The debate over the proposed protected bike lane, which would run along 35th Ave NE from Ravenna to Wedgwood, has been going on, unresolved, for years. Recently, though, the rhetoric from bike lane opponents has escalated dramatically to include allegations that those advocating for the bike lane are classist, racist, ageist, and ableist. At the same time, bike lane proponents have reported being publicly and privately threatened, and vandals have repeatedly damaged equipment used to measure speed and traffic volumes along the street. Just last month, someone planted fireworks in construction equipment that was being used to repave the roadway, prompting a response from the city’s bomb and arson squad. (Save 35th Ave. NE, the group opposing the bike lane, has disavowed and denounced the attack.)

The city’s official Bike Master Plan has promised a separated bike lane on 35th since it was last updated in 2014, and the project was supposed to be completed this year. The latest progress report on the bike plan, which SDOT is presenting to the city council’s transportation committee this afternoon, notes that the project will now be delayed until 2019, so that the city can participate in “an ongoing dialogue with the communities impacted by these projects.”

According to the project outline for the mediation, the anti-bike lane community will be represented by attorney Gabe Galanda and Pacific Merchant Shipping Association VP Jordan Royer, two men who also happen to be the campaign manager and top-listed officer, respectively, for a new PAC, “Neighborhoods for Smart Streets,” that just formed last week.
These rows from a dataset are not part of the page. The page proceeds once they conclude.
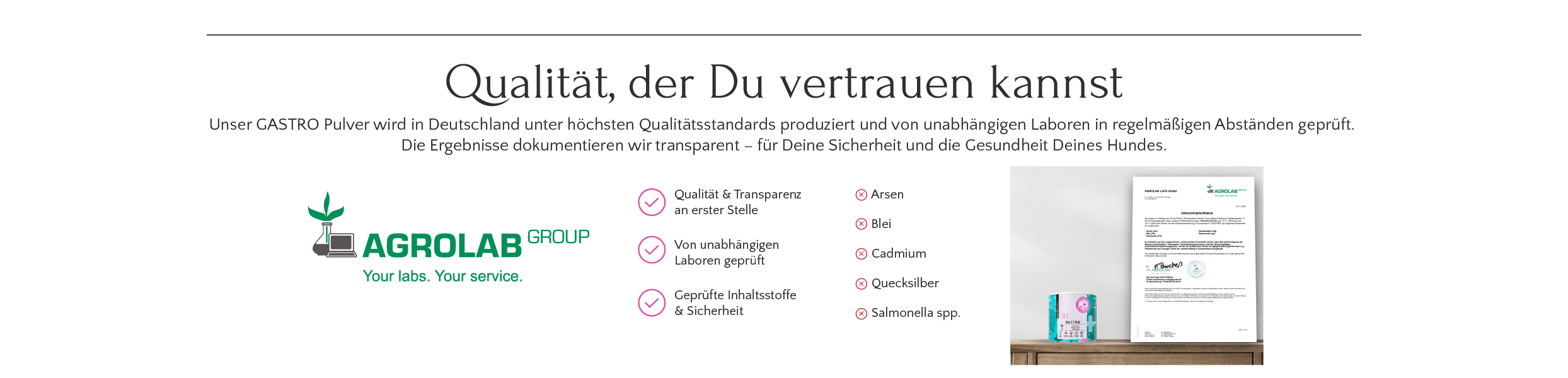 Die Ergebnisse dokumentieren wir transparent – für Deine Sicherheit und die Gesundheit Deines Hundes.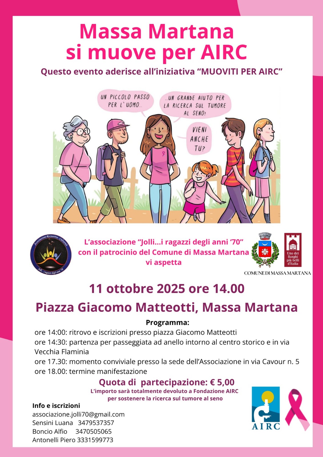 Sabato 11 ottobre a Massa Martana si svolgerà l’iniziativa promossa dall’AIRC a livello nazionale “Muoviti per AIRC”, patrocinato dal Comune di Massa Martana ed organizzato dall’Associazione locale “Jolli…i ragazzi degli anni ’70“.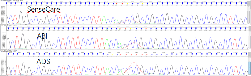 以上對比ABI、SenseCare、ADS三家BigDye試劑進(jìn)行了測序比較: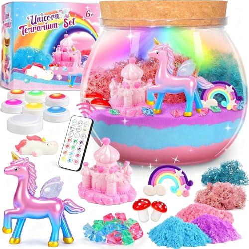 Lovchil Unicorns Gifts for Girls, Unicorn Terrarium Kit for Kids, Craft Kits for Kids Light-Up Unicorn Gifts DIY Unicorns Toys for Birthday Easter Gifts for Girl Ages 4 5 6 7 8-12 Year Old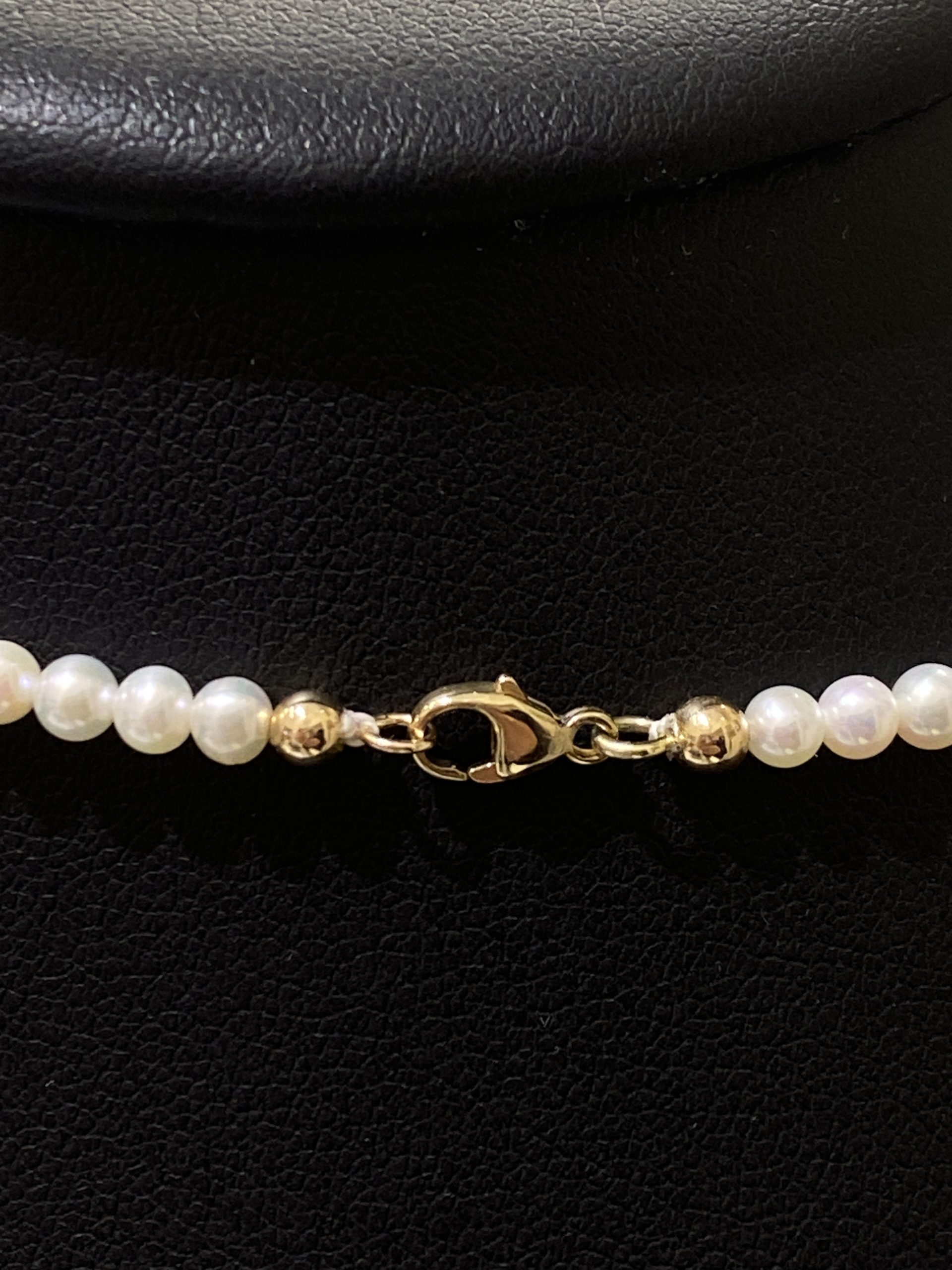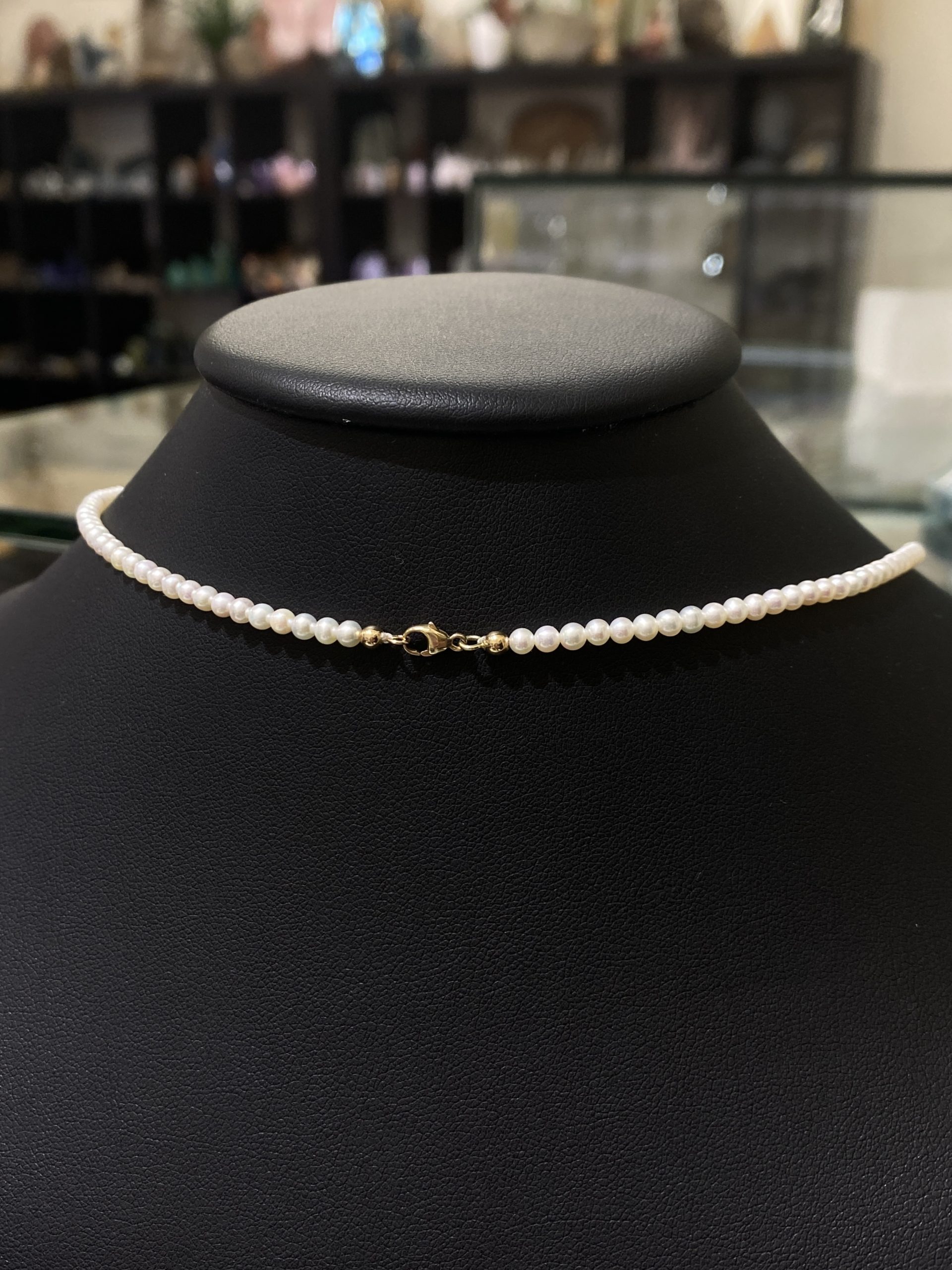 Něžný perlový náhrdelník – drobné perly 3 mm, zlatá karabinka

The purpose of the PAC, according to the Save 35th Ave. NE newsletter: To “mobilize around transportation-related causes like Save 35th and candidates for local office who are not ideologues when it comes to local transportation planning.” Galanda, readers may recall, is the lawyer who argued that bike lanes only “serve Seattle’s white privileged communities, and further displace historically marginalized communities.” I responded to some of those arguments—particularly the claim that marginalized communities don’t want safe places to bike—here.

It’s unclear what the mayor’s office, and Johnson, expect to accomplish by adding a new mediation step to the process of building a bike lane that was approved after a lengthy process several years ago. According to the mayor’s spokeswoman, the goal of the mediation process is “Finding common ground on improvements in the corridor”—presumably improvements that are unrelated to the bike lane at the heart of the conflict. But why mediation, a process usually reserved for conflicts between two people or entities with a legal stake in the outcome of a dispute? Neither side of the mediation is a formal party to the decision, and no one is suing to stop the project. Save 35th Avenue NE, however, has been explicit about what it hopes to get out of Durkan—a “unilateral” decision to kill the bike lane. In an email late last month, as mediation was getting underway, the group encouraged its members to  “Contact Mayor Jenny Durkan” and tell her to kill the bike lane, because “In the final analysis, SDOT reports to the Mayor of Seattle. Mayor Durkan halted work on the First Avenue streetcar project. She can likewise unilaterally stop the bike lanes proposed for 35th Ave. NE.”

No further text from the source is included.